The Community Component should also include key government institutions that play bit, albeit, important roles in the CJS, such as the Bureau of Posts which delivers court documents, notices, and other processes; the Bureau of Immigration & Deportation which may prevent the departure of suspects from the country; the Bureau of Telecommunications which transmits communications by telephone, telegram, or radio; and government hospitals and medical centers (like the National Psychopathic Hospital) which furnish experts who may enlighten the courts on issues involving medicine, surgery, or other sciences. Private institutions and civic organizations should also be deemed part hereof since they may also have significant roles to play in Criminal Justice System.


Philippine criminal justice system

Of late, serious efforts have already been started by the Philippine National Police, in cooperation with the Department of Interior and Local Government, to better empower the barangays (the smallest political unit in Philippine society) as well as other sectors of the community so that they may serve the Criminal Justice System more comprehensively. This is in line with the Community Oriented Policing System being adopted by the PNP pursuant to the provision of Section 2 of Republic Act No. 8551 (which amended RA No. 6975) which declared that : “The PNP shall be a community and service oriented agency responsible for the maintenance of peace and order and public safety.”

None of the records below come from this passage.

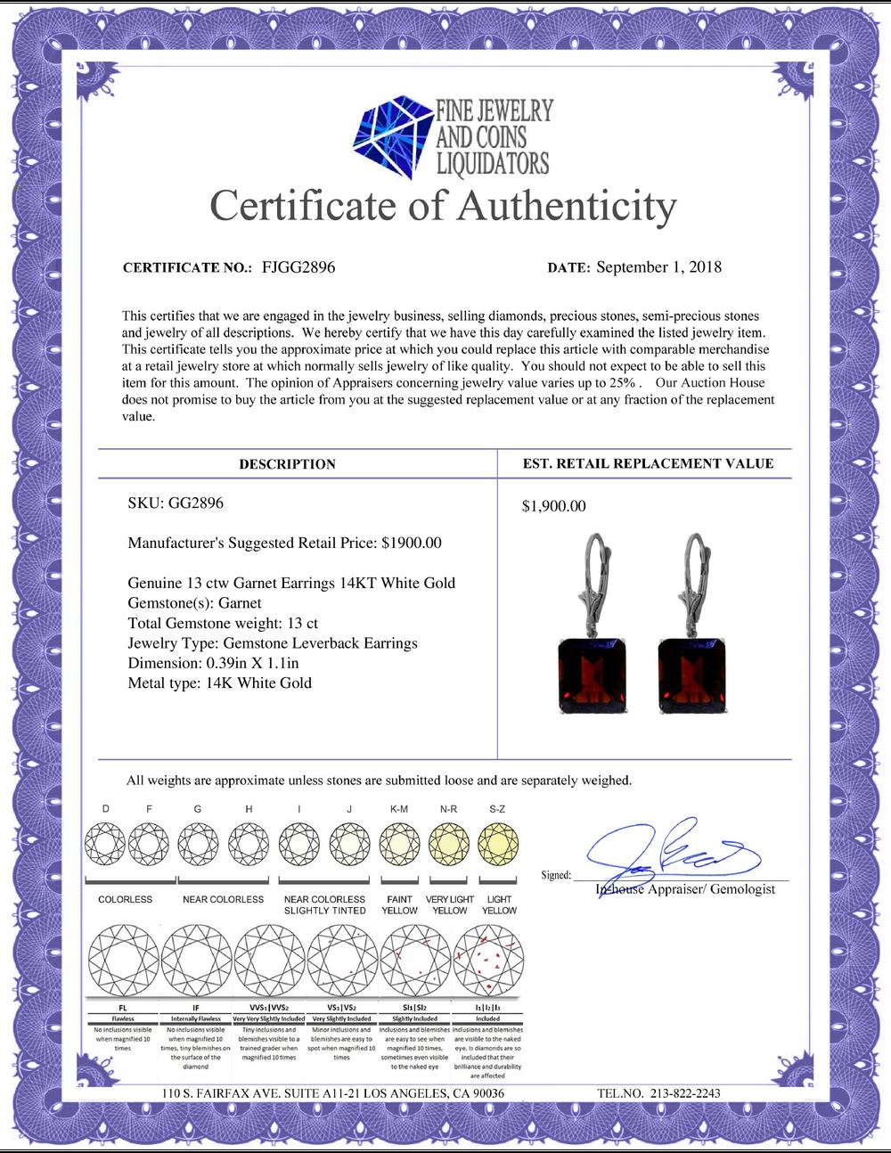 REF-61W8Y - SKU: GG2896 ---- Genuine 13 ctw Garnet Earrings 14KT White Gold
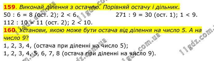 159. Виконай ділення з остачею. Порівняй остачу і дільник. 50 : 6 = 8 (ост. 2); 2 < 6. 112 : 10 = 11 (ост. 2); 2 < 10. 271 : 9 = 30 (ост. 1); 1 < 9. 160. Установи, якою може бути остача від ділення на число 5. А на число 9? 1, 2, 3, 4, (остача при діленні на число 5); 1, 2, 3, 4, 5, 6, 7, 8 (остача при діленні на число 9).
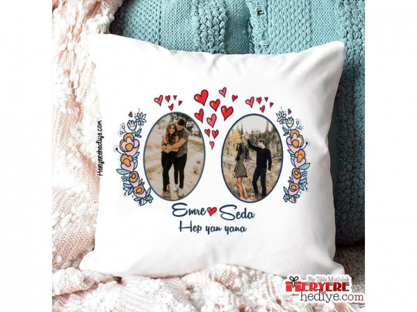 Sevgiliye Hediye Çiçekli Kalpli Fotoğraflı Yastık
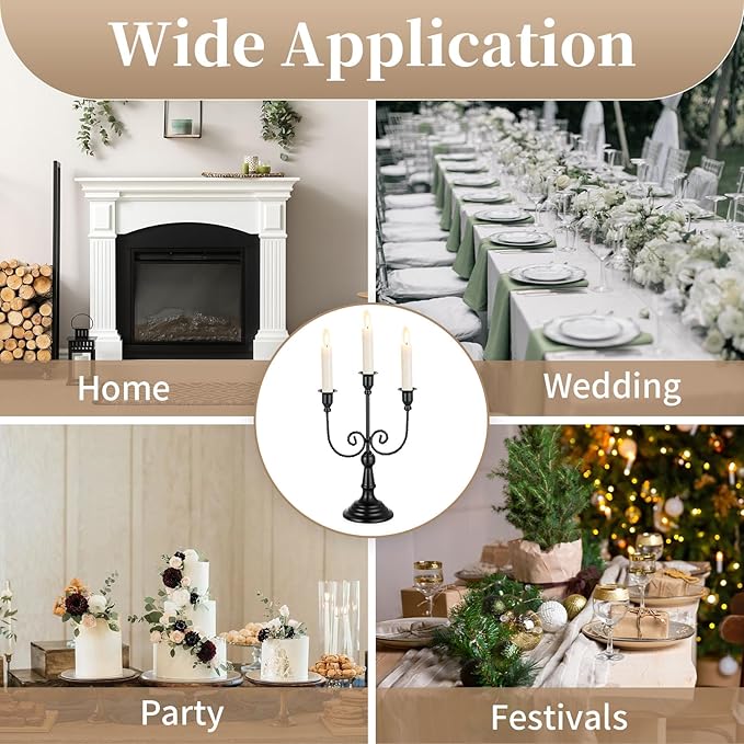 Sziqiqi Candle Holders 3-Arms Candelabra - Black Halloween Candelabras Metal Candleholder Stands Decoration for Thanksgiving Christmas
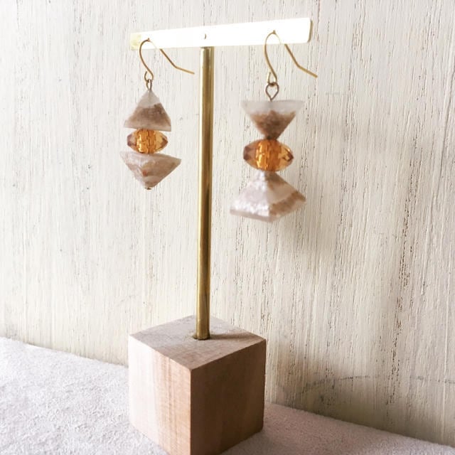 白いビーチの砂をボーダー状に閉じ込めたアシンメトリーピアスです 真ん中のクリアーブラウンのビーズはチェコビーズです ナチュラルなのに構築的なデザインです ※商品はひとつひとつ手作業で作っています。ゆがみ・色むら・小さな繊維が入り込んでいる場合があります。手作りの品であることをご理解の上ご検討ください。 全長 約4cm 片側のみの重さ 約3.7g
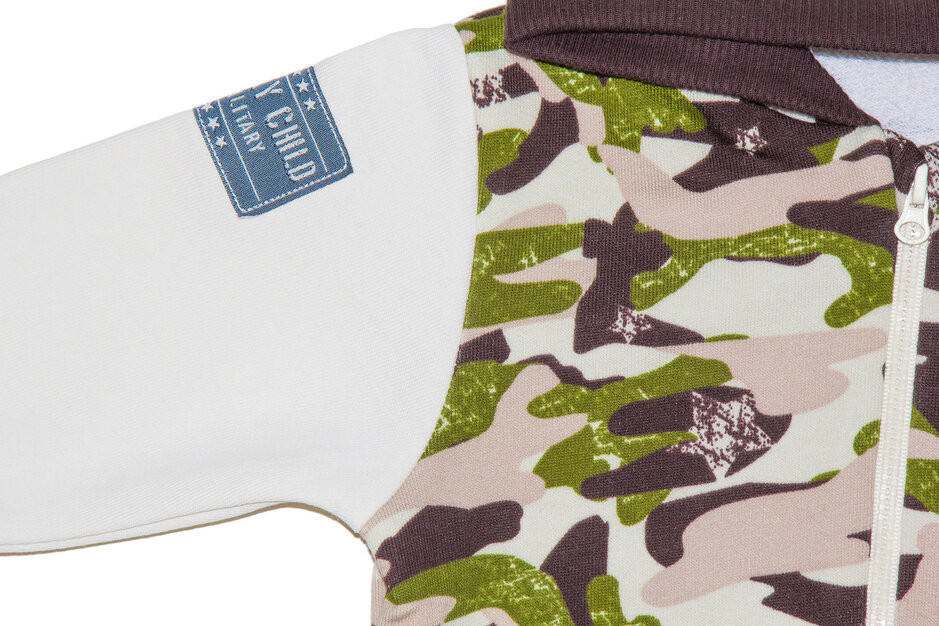 Курточка с капюшоном в милитари стиле оригинальная. Мягкая ткань и теплая кофта. Качественный материал. Капюшон спасает от непогоды. Комбинированность кофты хорошо сочетается с другими штанишками. При стирке не линяет. Соответствует размерной сетке.

Philippine criminal justice system

Importance of Coordination Among the Five Pillars

It should now be evident that the Philippine Criminal Justice System is not just the agencies charged with law enforcement; not just the prosecution arm of the government; nor just the courts; nor just the correctional system, nor just the community. The Criminal Justice System is all of these "pillars" considered collectively.

So also, it should now be obvious that, for an efficacious Criminal Justice System to work speedily, it is essential for all these five (5) pillars to work with dispatch and in full coordination with each other. Any perceived failure of the CJS in a particular given case due to some deficiency in one pillar cannot be blamed upon any of the other pillars.